Please reproduce the entries below exactly, leaving the pictures out.

___ Given records

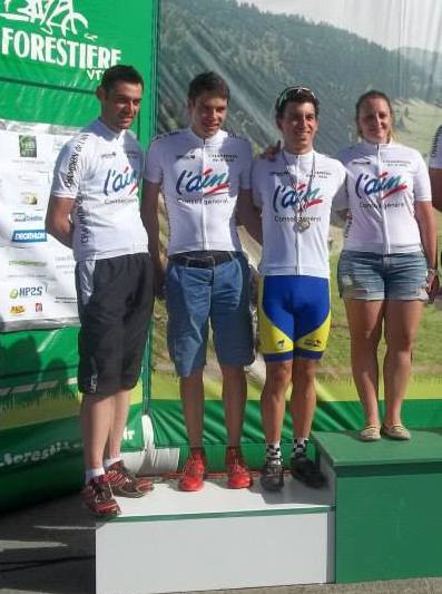 Dans la course des juniors et master 3-4-5 et dames nous avions Antonin LASSERRE et Baptiste DUBOIS ; Benjamin PONCIN ET Yvan CHANAL ( juniors) et Bruno MOREL passé sur la route cette année , chez les dames c’était le grand retour d’Aline MELLIFIORI et chez les master Daniel BERNARD était au départ. Le départ justement fut très rapide, Antonin monte en tête la première grosse bosse du circuit, derrière Daniel et Baptiste suivent … Baptiste qui revenait à la compétition va vite passer en tête et imprimer un gros tempo à cette course. Daniel va cramper dès le premier tour laissant filer son principal adversaire Xavier PERRAULT ( tenant du titre) , dans le deuxième tour il va se reprendre pour aller chercher une seconde place . Antonin va subir la chaleur il décroche aussi une seconde place derrière Baptiste super en forme et qui décroche le titre de champion de l’Ain junior. Aline notre féminine pourtant en manque de compétition va tout donner pour elle aussi décrocher une superbe victoire et un nouveau titre. Benjamin et Yvan tous les deux juniors de la section VTT VCA vont tout faire pour rester au contact , Yvan en manque de kilomètres devra abandonner , Benjamin va aller jusqu’au bout et terminer cette course avec courage, Bruno qui avec très peu de kilométres en VTT a bien apprécié le parcours a travaillé ses intensités en préparation des courses sur route. Bravo à tous.
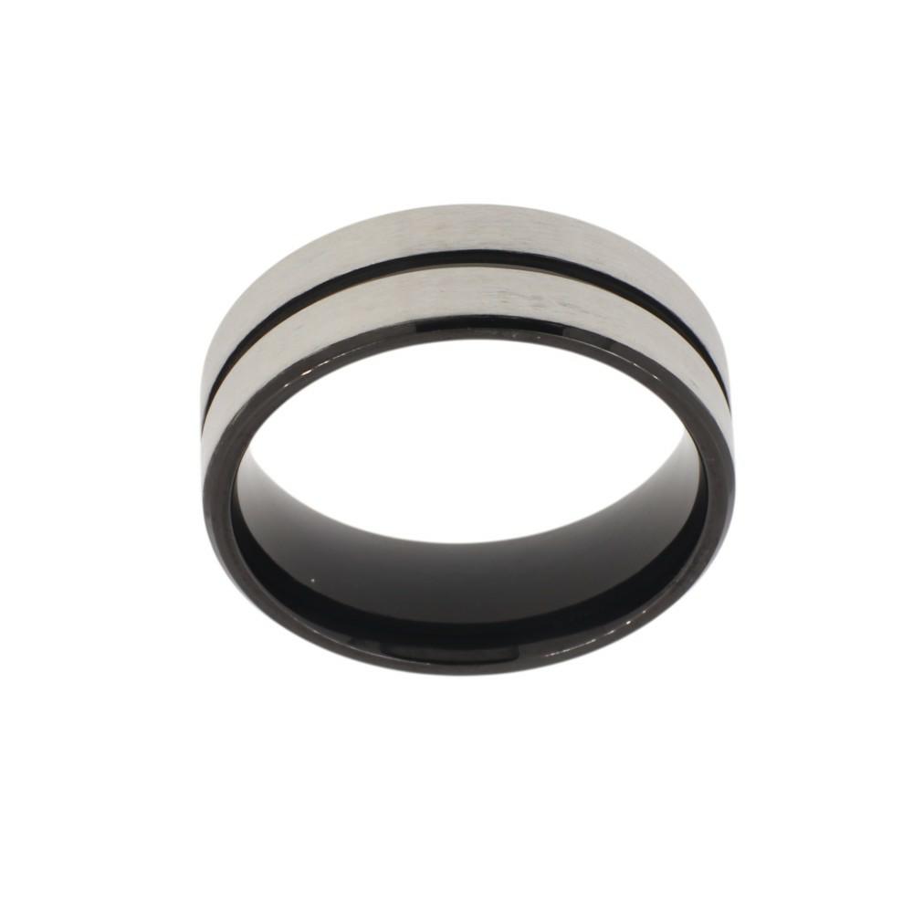 Ανδρικό Δακτυλίδι Βέρα manQ από ανοξείδωτο ατσάλι σε ασημί-μαύρο χρώμα 446475
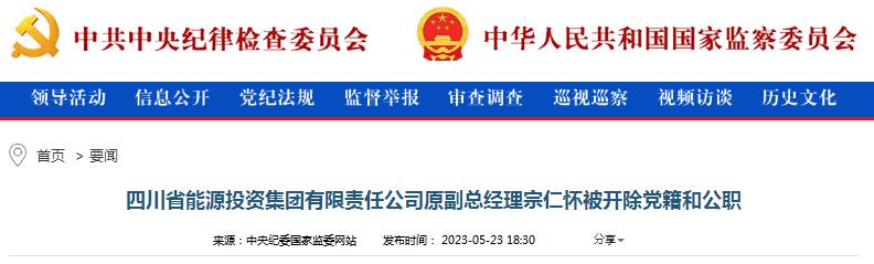 中央紀委國家監(jiān)委網站5月23日消息,據四川省紀委監(jiān)委消息:日前,經四川省委批準,四川省紀委監(jiān)委對四川省能源投資集團有限責任公司原副總經理宗仁懷嚴重違紀違法問題進行了立案審查調查。
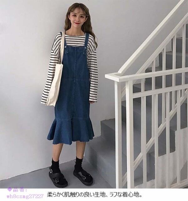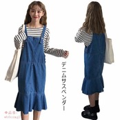 サロペットスカート レディース デニム ワンピース キャミワンピ ミモレ丈 フリル 春 ロング丈 サスペンダー 夏 オールインワン 2019春新作 秋
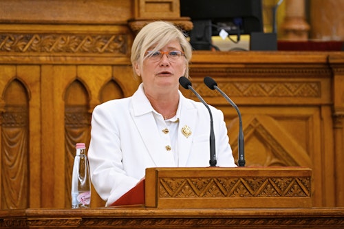 Gál Kinga, a a Patrióták Európáért alelnöke beszédet mond
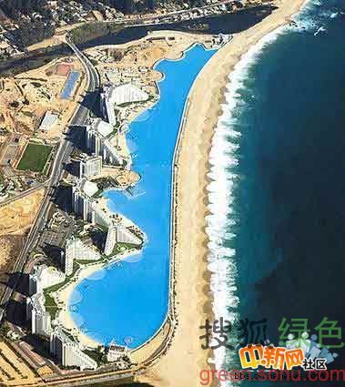 6.世界上最大的游泳池,智利。世界上最大的戶外游泳池位于智利的海濱城市阿爾加羅沃。這個人工游泳池是用附近太平洋的水來填滿的。據吉尼斯世界記錄,這個于2006年12月竣工的游泳池長3324英尺(990米),在2007年被評為世界上最大的游泳池。

______

Solution to this task ::
 Dans la course des juniors et master 3-4-5 et dames nous avions Antonin LASSERRE et Baptiste DUBOIS ; Benjamin PONCIN ET Yvan CHANAL ( juniors) et Bruno MOREL passé sur la route cette année , chez les dames c’était le grand retour d’Aline MELLIFIORI et chez les master Daniel BERNARD était au départ. Le départ justement fut très rapide, Antonin monte en tête la première grosse bosse du circuit, derrière Daniel et Baptiste suivent … Baptiste qui revenait à la compétition va vite passer en tête et imprimer un gros tempo à cette course. Daniel va cramper dès le premier tour laissant filer son principal adversaire Xavier PERRAULT ( tenant du titre) , dans le deuxième tour il va se reprendre pour aller chercher une seconde place . Antonin va subir la chaleur il décroche aussi une seconde place derrière Baptiste super en forme et qui décroche le titre de champion de l’Ain junior. Aline notre féminine pourtant en manque de compétition va tout donner pour elle aussi décrocher une superbe victoire et un nouveau titre. Benjamin et Yvan tous les deux juniors de la section VTT VCA vont tout faire pour rester au contact , Yvan en manque de kilomètres devra abandonner , Benjamin va aller jusqu’au bout et terminer cette course avec courage, Bruno qui avec très peu de kilométres en VTT a bien apprécié le parcours a travaillé ses intensités en préparation des courses sur route. Bravo à tous.
 Ανδρικό Δακτυλίδι Βέρα manQ από ανοξείδωτο ατσάλι σε ασημί-μαύρο χρώμα 446475
 中央紀委國家監(jiān)委網站5月23日消息,據四川省紀委監(jiān)委消息:日前,經四川省委批準,四川省紀委監(jiān)委對四川省能源投資集團有限責任公司原副總經理宗仁懷嚴重違紀違法問題進行了立案審查調查。
 サロペットスカート レディース デニム ワンピース キャミワンピ ミモレ丈 フリル 春 ロング丈 サスペンダー 夏 オールインワン 2019春新作 秋
 Gál Kinga, a a Patrióták Európáért alelnöke beszédet mond
 6.世界上最大的游泳池,智利。世界上最大的戶外游泳池位于智利的海濱城市阿爾加羅沃。這個人工游泳池是用附近太平洋的水來填滿的。據吉尼斯世界記錄,這個于2006年12月竣工的游泳池長3324英尺(990米),在2007年被評為世界上最大的游泳池。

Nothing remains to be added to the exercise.